# WHAT IS REQUIRED
Could you repeat all of the entries exactly, leaving out any pictures?

Data records:
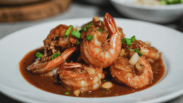Chili shrimp in rich sauce garnished with green onions
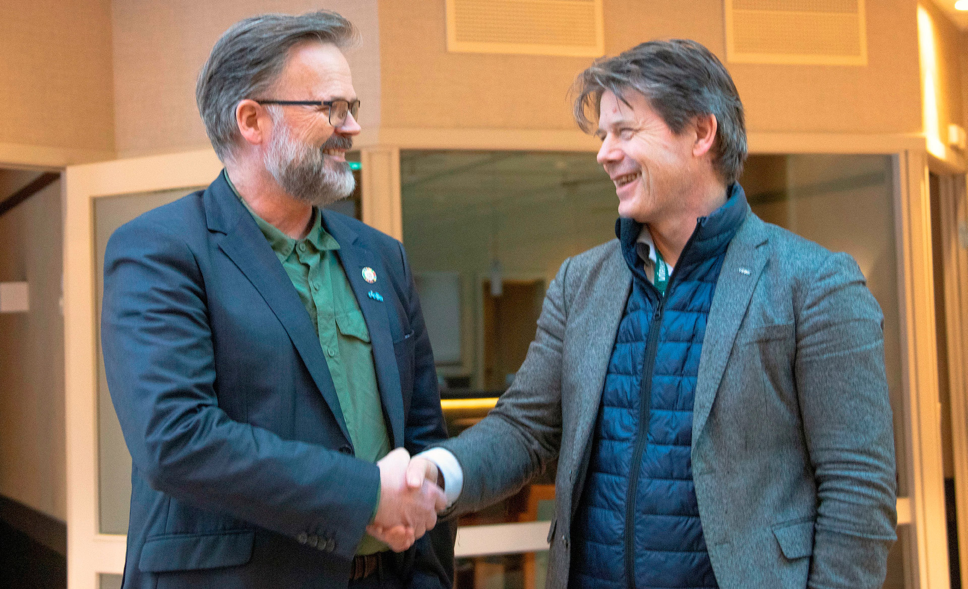 ENIGHET. Ny hovedavtale på plass. Eirik Bornø, leder for YS Privat (til venstre) og Bernt G. Apeland, adm. direktør for arbeidsgiverorganisasjonen Virke.
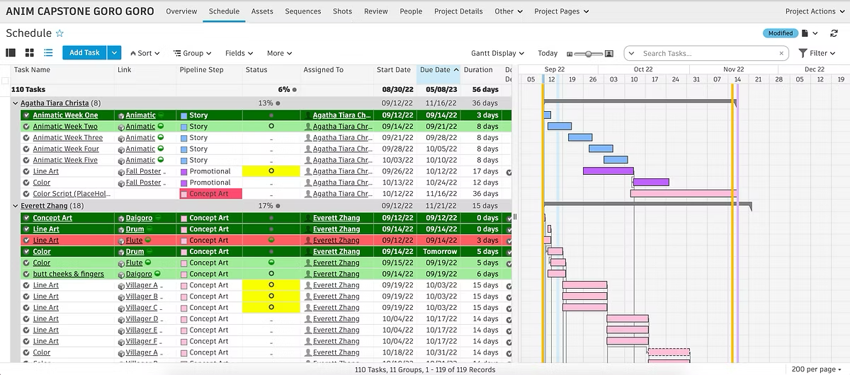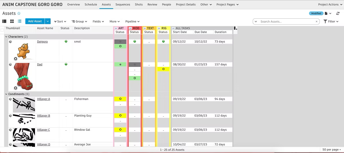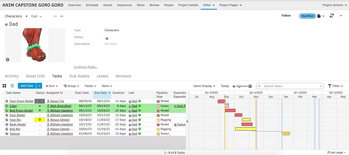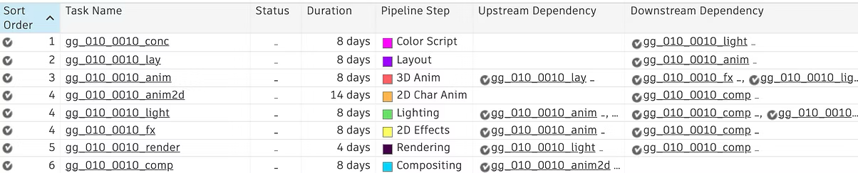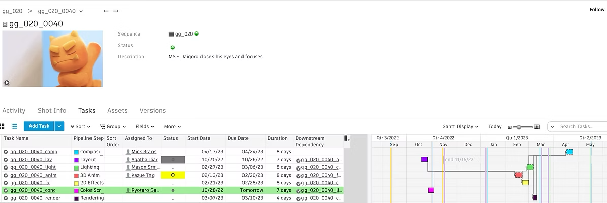 This is what the shot template looks like in action. There is a clear understanding of what quarters certain steps of the pipeline will be complete, and if one due date is pushed, it's downstream dependencies’ start dates will automatically be pushed.
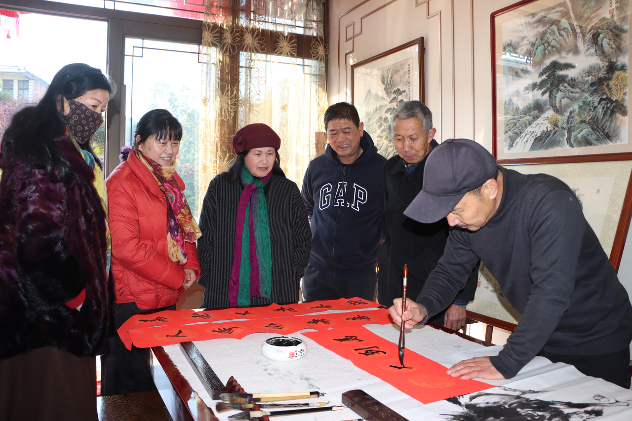 “我从两个月前就开始忙着画马了,现在还帮着大家写马年对联。看大家都这么起劲,我干脆把这么多年的马主题雕刻作品也拿出来供大家欣赏。”马若琦高兴地说,他与马结缘有40多年,这么多年来免费送给乡亲们的马画与马雕作品有200多件,仅当下这一阶段就送出了10来幅,感觉特别有年味。
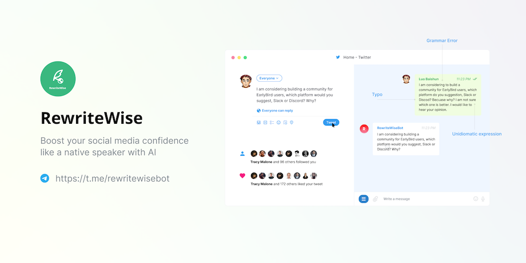 Powered by AI, RewriteWise is a Telegram bot designed to help non-native speakers improve their social media presence by proofreading, rewriting, and optimizing their posts as if they were written by
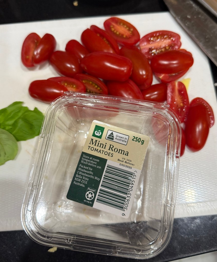 -During the pasta cooking time, a 250g punnet of mini Roma tomatoes sliced in half and fried in the garlic infused oil.
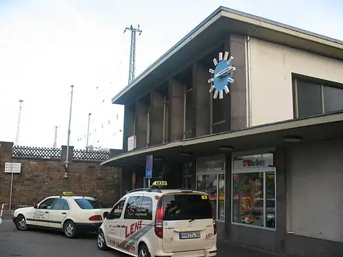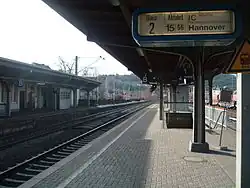Andernach station is the transportation hub of the city of Andernach in the German state of Rhineland-Palatinate. It is a mid-sized station with thousands of passengers each day. It is currently classified by Deutsche Bahn as a category 3 station. It has four passenger platforms (tracks 1, 2, 3 and 24), three with a length of more than 280 m,[4] and sidings and freight tracks.[5] It is on the Left Rhine line (German: Linke Rheinstrecke) and is the terminus of the Cross Eifel Railway (Eifelquerbahn). In addition to passenger operations, the station has container and freight operations to the east of the station, particularly serving the tin plate manufacturer, Rasselstein.

# THE COMPLETED TASK
Chili shrimp in rich sauce garnished with green onions
 ENIGHET. Ny hovedavtale på plass. Eirik Bornø, leder for YS Privat (til venstre) og Bernt G. Apeland, adm. direktør for arbeidsgiverorganisasjonen Virke.
 This is what the shot template looks like in action. There is a clear understanding of what quarters certain steps of the pipeline will be complete, and if one due date is pushed, it's downstream dependencies’ start dates will automatically be pushed.
 “我从两个月前就开始忙着画马了,现在还帮着大家写马年对联。看大家都这么起劲,我干脆把这么多年的马主题雕刻作品也拿出来供大家欣赏。”马若琦高兴地说,他与马结缘有40多年,这么多年来免费送给乡亲们的马画与马雕作品有200多件,仅当下这一阶段就送出了10来幅,感觉特别有年味。
 Powered by AI, RewriteWise is a Telegram bot designed to help non-native speakers improve their social media presence by proofreading, rewriting, and optimizing their posts as if they were written by
 -During the pasta cooking time, a 250g punnet of mini Roma tomatoes sliced in half and fried in the garlic infused oil.
Andernach station is the transportation hub of the city of Andernach in the German state of Rhineland-Palatinate. It is a mid-sized station with thousands of passengers each day. It is currently classified by Deutsche Bahn as a category 3 station. It has four passenger platforms (tracks 1, 2, 3 and 24), three with a length of more than 280 m,[4] and sidings and freight tracks.[5] It is on the Left Rhine line (German: Linke Rheinstrecke) and is the terminus of the Cross Eifel Railway (Eifelquerbahn). In addition to passenger operations, the station has container and freight operations to the east of the station, particularly serving the tin plate manufacturer, Rasselstein.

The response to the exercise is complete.